With the single “Another Day In the Experiment” if feels like we’ve crossed a bridge into a more personal world, where pop hooks and snaky vocals take the listener’s hand on a nostalgic trip, maybe it’s a bit of escapism from this current experiment that you may or may not believe we’re all being subjected to. “Robocall,” “Cross The Night,” and “Let Me Guess” bring in three flavors of power pop that explore the day-to-day of the aforementioned experiment. I don’t know what could represent this band more than Haberland’s own description of “Cross The Night” as a “Pixies/Billy Joel/Sabbath mashup.”

Albumcloser “Live Yuppie Scum” takes the tried-and-true “put the epic song last” approach as it opens with a bit of lovely acoustic guitar over a bed of warpy woozy wobbles before getting into a plucky song about “midlife miseries.” The lyrical twists throughout the album are often lighthearted and playful, and what more could you ask for than turning the often-spray painted “die yuppie scum” on its head, welcoming gentrifiers with open arms while shifting tempos all over the place and stretching the band’s musical muscles in one last mad dash to the finish line?

Where does this all put us?

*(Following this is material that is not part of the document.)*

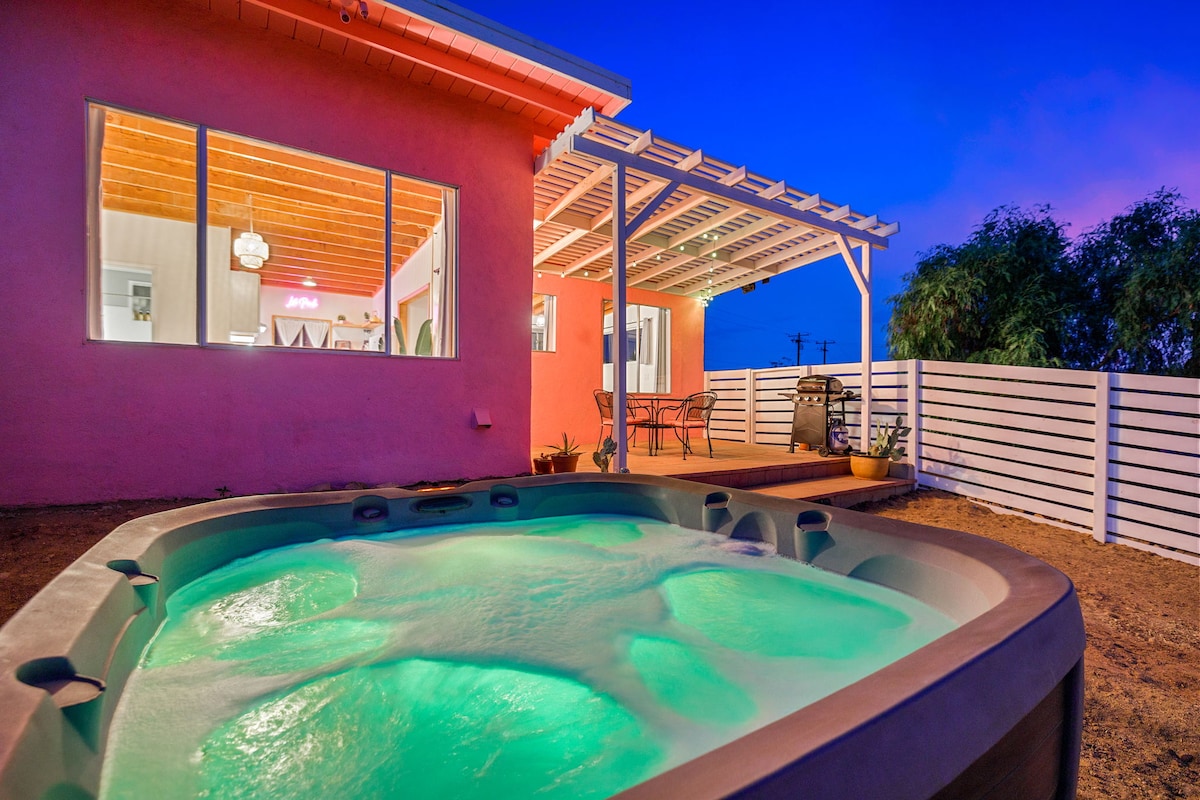 Welcome to your oasis at Lil Pink! When you pull up to the private, 2 acre property, your jaw will drop at the 360 degree mountain views You can find rest & relaxation in the hot tub, steps from the back patio, or in the cowboy tub pool & elevated deck in the middle of the property At night, you can marvel at the thousands of stars above Enjoy quick & easy access to Joshua Tree National Park, Pioneertown, Palm Springs & Yucca Valley What are you waiting for? Come fall in love with Lil Pink!

Well, if we started at the subliminal (pre-perception, going unnoticed, at times insignificant, under the radar), we’ve moved into the liminal (the in-between, transitional, change), that can only mean the superliminal is next. It’s a three-pronged attack.

Liminal Hiss by Onesie is available on vinyl, cassette tape, and CD, from TRR/Pillow Sail/Cool Kat Music.

*I am not at all a linguist, in fact far from it. I try to play with words but then just ramble incoherently. In my head it kind of makes sense though, so maybe it will to you too? Anyway, enjoy the music!